O tempora is a series of retrospective posts where I play games from ages before to see if they stood the test of time.

Monolith Productions has remained one of the most important studios for me for the longest time. I liked Blood as a teen, but my own proper PC wasn’t a thing until 2001, which was just about the time The Operative: No One Lives Forever got released. That classic, which is still sadly not re-released due to rights issues, was just the beginning. Fantastic Aliens versus Predator 2 followed with its 3 story campaigns that constantly cross over – something that is still a rarity for games. Then, of course, a long expected sequel No One Lives Forever 2: A Spy in H.A.R.M.’s Way. Then one of the best movie license games ever – Tron 2.0. And then, in a single year, two amazing games got released – F.E.A.R. and Condemned: Criminal Origins. I am not listing a couple of other games they developed, just due to not playing them myself (though I did play Contract J.A.C.K., which isn’t worth mentioning), but point is – Monolith never disappointed me.

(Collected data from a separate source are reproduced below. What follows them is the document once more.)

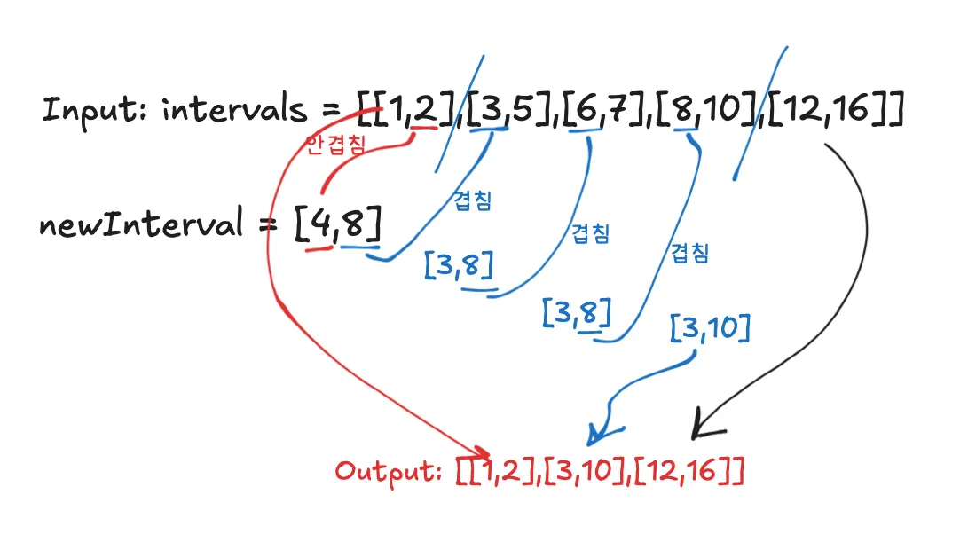 1. newInterval보다 앞쪽에 겹치지 않는 구간 → 그대로 결과에 push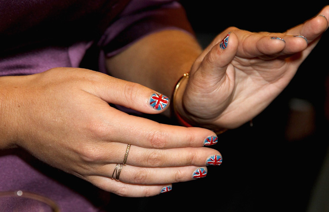 Unas pequeñas banderitas de la Union Jack decoraban las uñas de este chica, que pasaban un poco desapercibidas, pues hay que fijarse (y poner el zoom de la cámara al máximo) para observar esta manicura tan currada. ¿Qué habrá pensado su abuela? ¿le habrá parecido la idea protocolaria?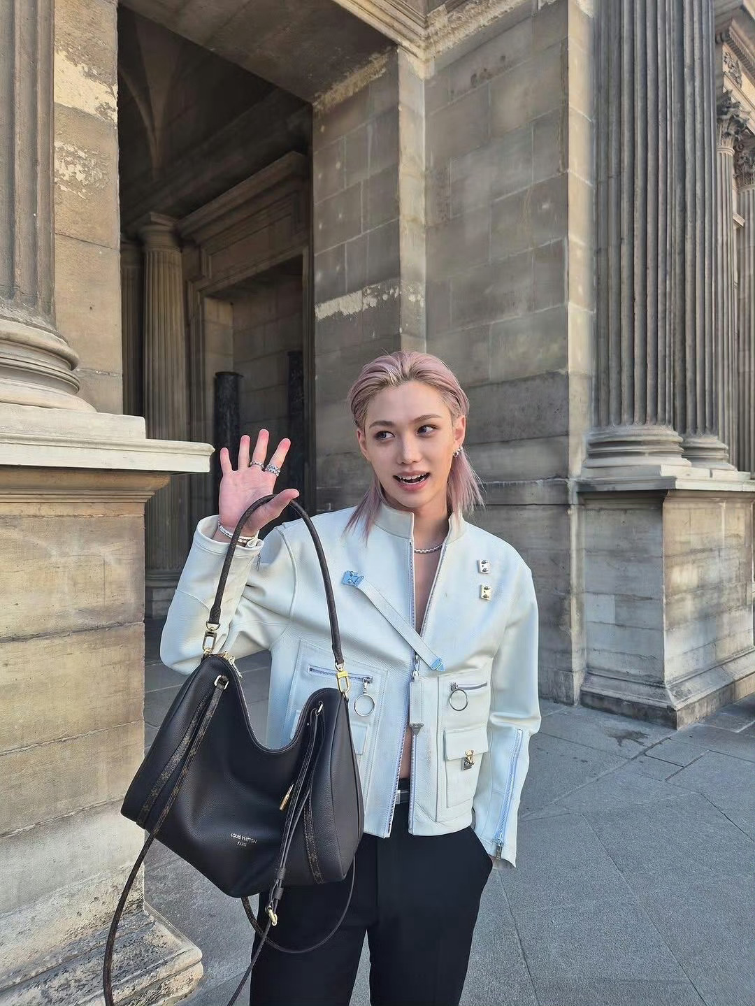 巴黎时装周lv大秀Lisa给李龙馥拍照📸

F.E.A.R. was the point where everything started changing. With the game itself, as it was a unique blend of ideas from classic FPS titles and the more “modern” ideas for the genre. For the company, since after this year their projects started getting less praise. And even for the company focus – a switch from their PC-centric development (LithTech engine was specifically designed to be a showcase of DirectX), to a far larger emphasis on consoles. 8 years after F.E.A.R. was originally released, a lot of its faults are more obvious. Yet, it still never fails to amaze.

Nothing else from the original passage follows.